Beatha Aodha Ruaidh Ui Domhnaill (The Life of Red Hugh O’Donnell) - Lughaidh O Cleirigh
Formed up in unwieldy copies of the Spanish ‘Tercios’ it would appear the Irish could not manoeuvre in front of Mountjoy’s fixed positions in a manner that could hope to inflict upon the enemy any significant casualties. In the event Mountjoy was on the ball and took the initiative, using his cannon and cavalry to good effect and scattering the Irish columns and riding down the survivors with his Horse.
They were not long considering them till they fired a thick shower of round balls [to welcome the Irish] from clean, beautiful big guns, with well oiled mechanisms and from finely ridged, costly muskets, and from sharp-aiming, quick firing matchlocks, and they threw upon them every other kind of shot and missile besides. Then burst out over the walls against them nimble troops, hard to resist, of active steady cavalry, who up to that were longing for the order to test the seed of their high galloping horses on the plain. They allowed their foot to follow after for they were certain that the hail of spherical bullets and the force attack of the troops would make destructive gaps in front of them among their enemies. Both armies were mingled together, maiming and wounding each other so that many were slain on both sides.
But in the end O’Neill’s forces were defeated, an unusual thing with them, and they fled swiftly away from the place, and they way the hurry urged them was to pour in on top of O’Donnell’s forces who happened to be east of them and had not yet come to the field of battle. When the routed army of O’Neill, and the troops of the Lord Deputy’s army following them, and swiftly smiting their rear, broke into the midst of O’Donnell’s people, wavering and unsteadiness seized on the soldiers, fright and terror on their horses and though it was their desire and their duty to remain on the field of battle, they could not.
Inside Kinsale nothing stirred and De Aquila claimed he was not aware what the Irish planned to do that day. He soon after surrendered and was allowed to depart for Spain with his men.
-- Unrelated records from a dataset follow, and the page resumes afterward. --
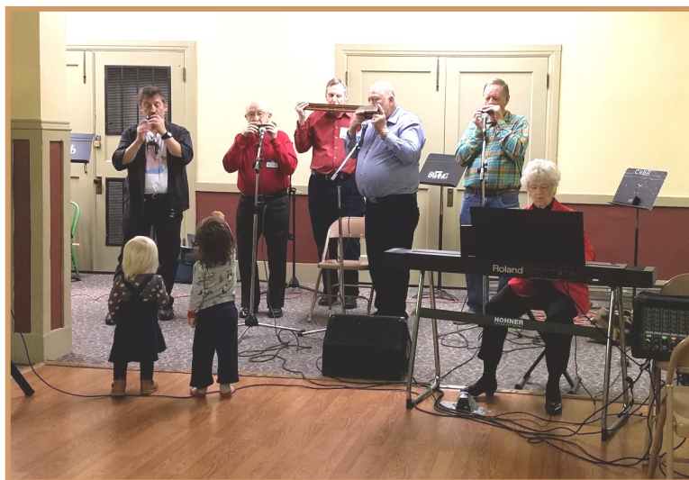
The wonder of children
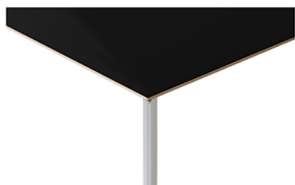
Table with laminate board table top and aluminum delta legs.
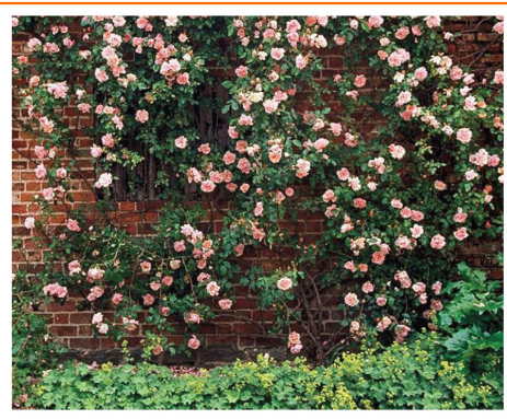
Trellis supported climbing plants to bare walls
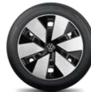
"Bicolour design", 18-inch
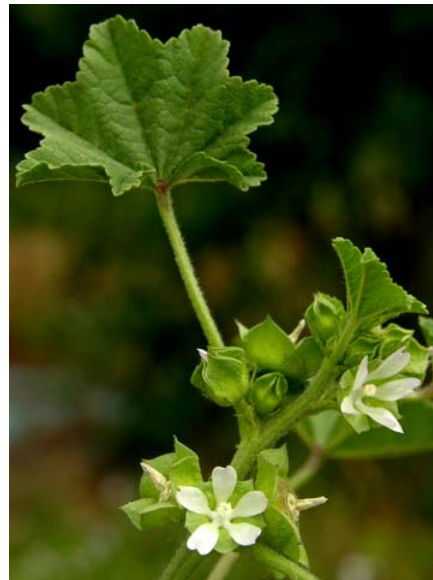
Hidden-flower Cheeseweed Malva parviflora Introduced Annual Mallow Family
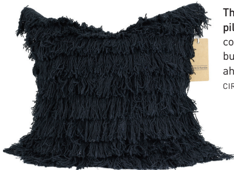
The Black Swan Fringe pillow doesn't sacrifice comfort but keeps hands busy. A Homestead Shoppe. ahomesteadshoppe.com CIRCLE #620
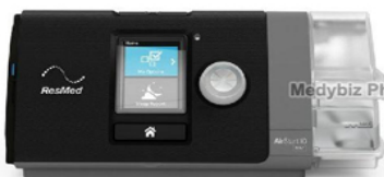
Resmed Airstart 10 Bipap Machine
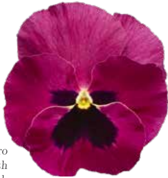
Delta™ Pro Rose with Blotch
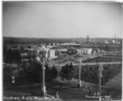
Aerial Shot from bell tower, Library of Congress, Prints & Photographs Division, LC-USZ62-70208
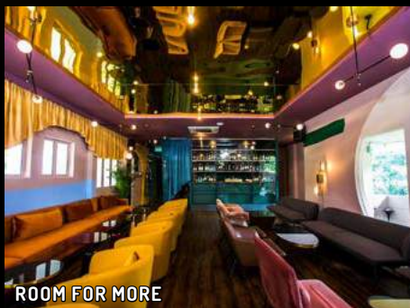
ROOM FOR MORE

Saturdays & Malt Mondays program — where they offer special single malts by the glass — and regular tasting events.
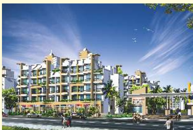
Sanghvi S3 Paradise - Asangaon (Shahapur)
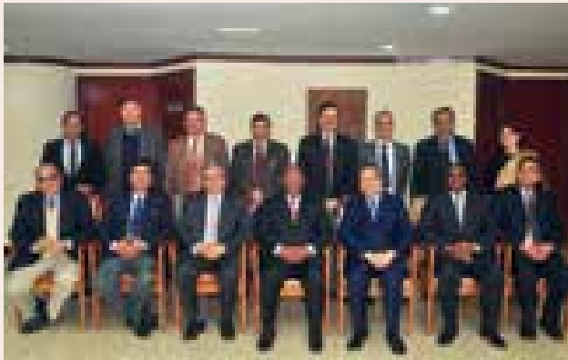
H.E Eng. Carlos Mesquita, Honourable Minister of Transport & Communications, Republic of Mozambique with RITES CMD, Functional Directors and senior officials at RITES office

During the year, RITES has undertaken the work of providing technical consultancy to M/s BEML for Static and Fatigue Testing of the Bogie Frame. These tests conducted as per International European UIC standards. These tests are mandatory for newly designed Bogie Frame or any Bogie Frame being manufactured by a new manufacturer. The real challenge was to ensure the point of application of loads and their direction that would emulate the forces the way they would occur in field under actual operation/usage. RITES has now proven experience for testing of Bogies as per International Standards.

The morale of the Irish in revolt never recovered after this huge setback and the forced departure of the expeditionary force sent by the King of Spain to help them. O’Donnell almost immediately took ship for Spain to organise another expedition but was poisoned there by English agents. O’Neill returned North and fought on until 1603 when he surrendered to Mountjoy. Remarkably he got his personal Estates back and with a fair degree of local control again in his hands.
But his days were numbered as English Law was gradually extended into Ulster and his authority continually undermined. Fearing imprisonment and execution on trumped up accusations he fled to the Continent in 1607 in the famous ‘Flight of the Earls’. He ended his days in Rome as a charge on the Spanish Monarchy but under the immediate protection of the Pope. He died and was buried there in 1616 - still plotting to regain his lost lands.